You may think bladder control problems are something that happen when you get older. The truth is that women of all ages have urine leakage. The problem is also called incontinence. Men leak urine too, but the problem is more common in women.

  • Many women leak urine when they exercise, laugh hard, cough, or sneeze.
  • Often women leak urine when they are pregnant or after they have given birth.
  • Women who have stopped having their periods—menopause—often report bladder control problems.
  • Female athletes of all ages sometimes have urine leakage during strenuous sports activities.

Kegel Exercises

Kegel (KAY-gul or KEY-gul) exercises strengthen the pelvic floor muscles, which support the uterus, bladder and bowel. If you do Kegel exercises regularly and keep your pelvic floor muscles toned, you may reduce your risk of incontinence and similar problems as you get older. Kegel exercises can also help you control urinary incontinence.

Learning how to perform Kegel exercises properly can be tricky. How do you know whether you're working the correct muscles?

When your pelvic floor muscles weaken, your pelvic organs descend and bulge into your vagina, a condition known as pelvic organ prolapse. The effects of pelvic organ prolapse range from uncomfortable pelvic pressure to leakage of urine or feces. Fortunately, Kegel exercises can strengthen pelvic muscles and delay or maybe even prevent pelvic organ prolapse.

Kegel exercises are recommended especially during pregnancy. Well-toned pelvic floor muscles may make you more comfortable as your due date approaches. You may be less likely to develop urine leakage — common near the end of pregnancy and prone to persist after you've given birth.

 

Aquaflex Vaginal Weights

Weights are a simple but effective exercise aid for treating female urinary stress incontinence and improving pelvic floor function. Aquaflex adapts superbly to a wide range of physical conditions and levels of muscle tones which is one of the most versatile cone system available.

 For optimum results, a cone system with two sizes and a small increment of 5 g between weights is ideal. Doctors prescribe with confidence for most of their stress incontinence patients.

 Reasons to prescribe are:

- Easier and faster to teach pelvic floor muscle control.

- The patient does the therapy at home, reducing the number of clinic visits.

Theory of Operation
The Aquaflex method functions by causing the contraction of the pubococcygeus muscle in response to the presence of the weighted cone.

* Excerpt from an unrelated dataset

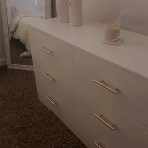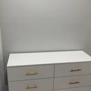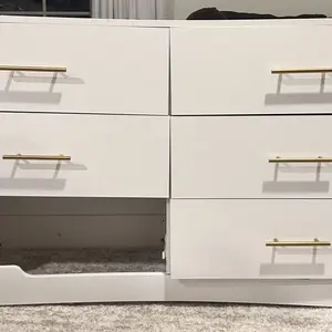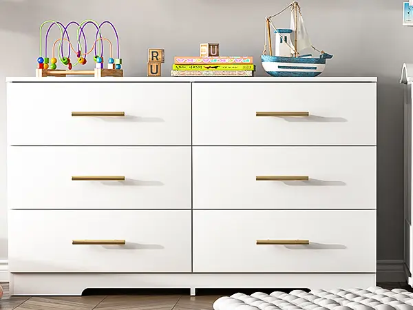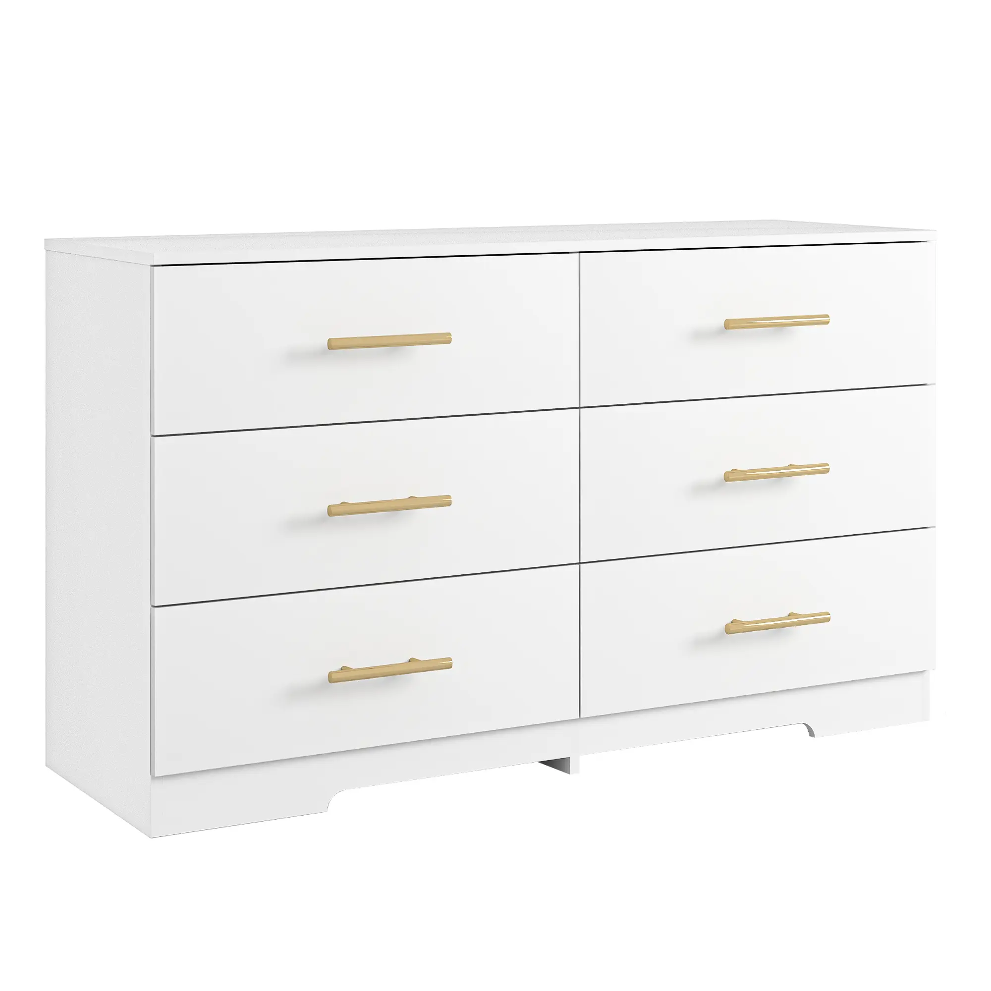 Introducing the Canddidliike 6-Drawer Dresser: The Ideal Bedroom Storage Solution Designed to enhance any bedroom decor, this rural-style dresser for bedroom offers an abundance of storage space combined with exquisite craftsmanship.With six smooth sliding drawers, organizing your belongings has never been easier. Whether you need to store clothing, accessories, or any personal items. It boasts a stunning appearance, accentuated by its golden surface and complemented by matte white hardware. Crafted from good-quality materials, including engineered wood, MDF, particleboard, and decorative laminate, the Canddidliike white dresser guarantees exceptional durability. Rest assured that this storage unit will reliably serve its purpose for years to come. Its sturdy construction ensures that it can withstand everyday use without compromising on functionality or style.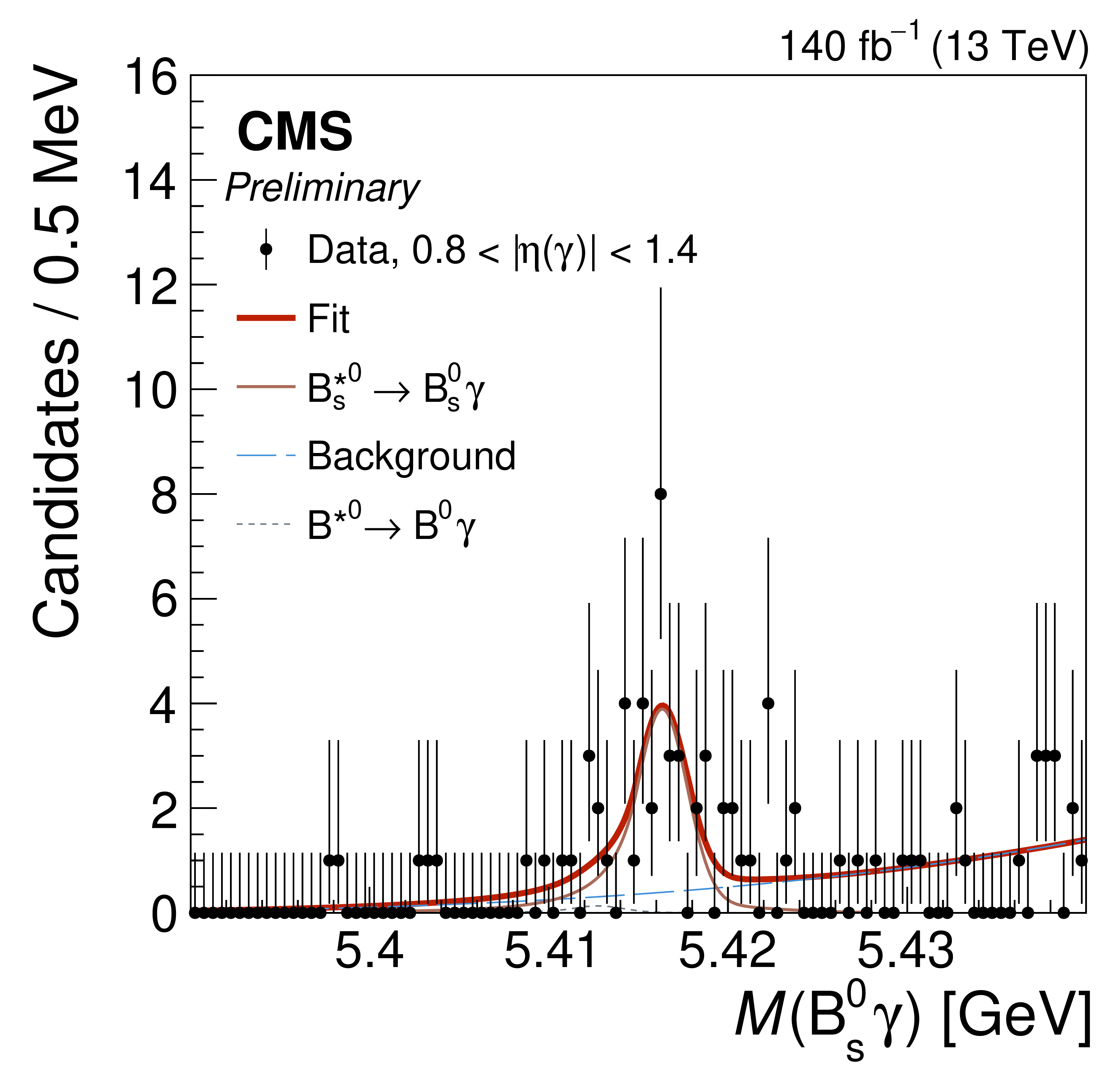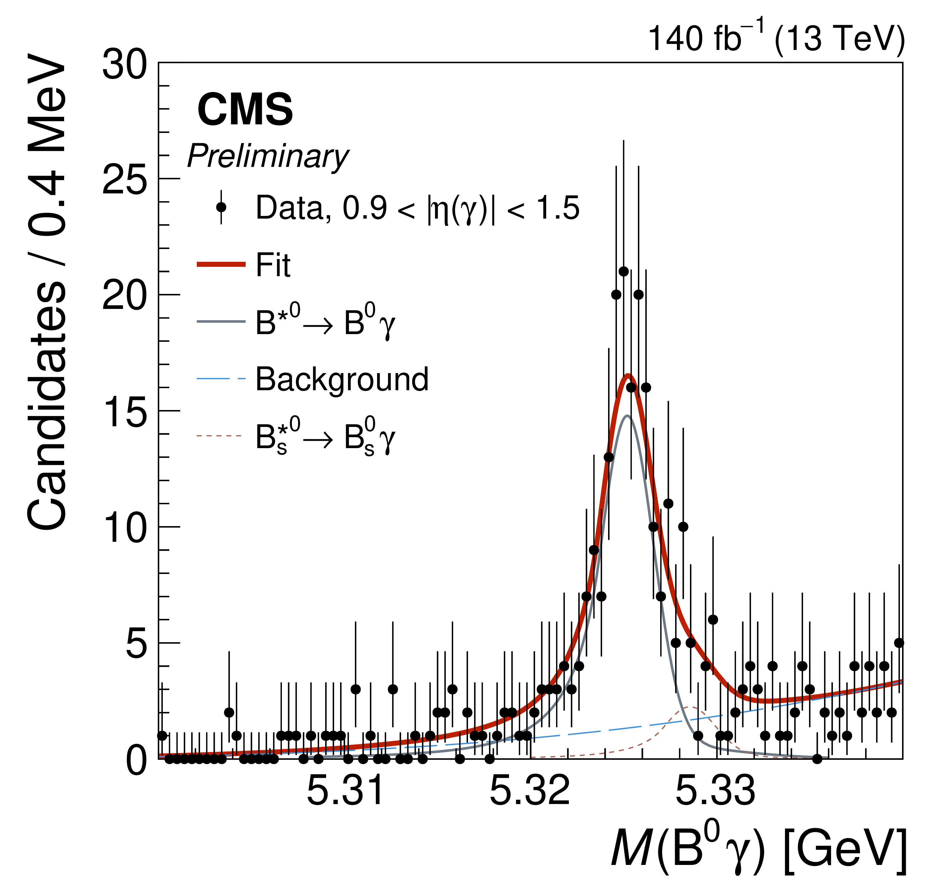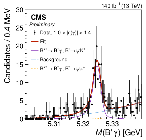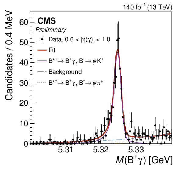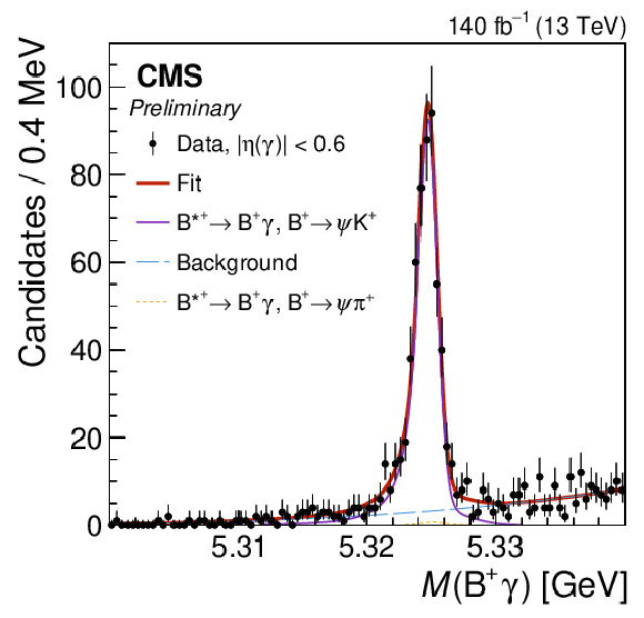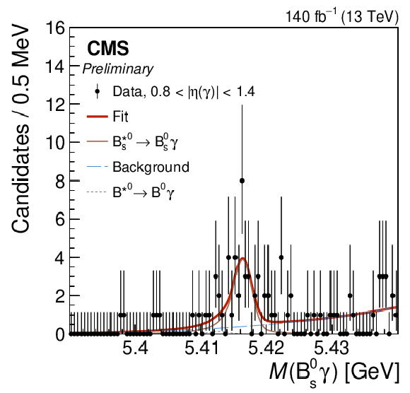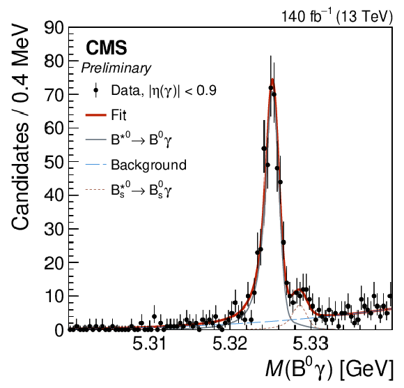 | In summary, the three vector $ {\mathrm{B}} $ meson states, $ \mathrm{B}^{*+} $, $ \mathrm{B}^{*0} $, and $ \mathrm{B}_{s}^{*0} $ have been fully reconstructed in exclusive final states for the first time, using a $ \sqrt{s}= $ 13 TeV proton-proton collision data sample corresponding to an integrated luminosity of 140 fb$^{-1}$ collected by the CMS experiment. Their masses are measured with respect to the corresponding ground states to be $ m(\mathrm{B}^{*+})-m({\mathrm{B}^{+}}) = $ 45.277 $ \pm $ 0.039 $ \pm$ 0.021 MeV, $ m(\mathrm{B}^{*0})-m({\mathrm{B}^0}) = $ 45.471 $ \pm $ 0.056 $ \pm$ 0.024 MeV, and $ m(\mathrm{B}_{s}^{*0})-m(\mathrm{B}_{s}^{0}) = $ 49.407 $ \pm $ 0.132 $ \pm$ 0.034 MeV, where the first uncertainty is statistical and the second is systematic. These results are consistent with, and an order of magnitude more precise than, the current world-average values. A number of difference and ratio measurements between the reported masses and mass differences are also provided, where both experimental and theoretical uncertainties are expected to be lower. The measurements are performed using a new conversion photon energy scale calibration method that uses the $ \pi^{0}\to\gamma\gamma $ decay reconstructed from two conversions. |

 This improves muscle recruitment and increases strength; both are essential for developing and maintaining continence control.

 The weighted cones are especially beneficial for strengthening the "slow-twitch" postural muscle fibres that are so important for continence, general well-being, sexual response and sexual intensity. When the cone does eventually slip out after a few minutes, this induces a powerful reflex action in the pubococcygeus muscle which activates and stimulates the muscle fibres.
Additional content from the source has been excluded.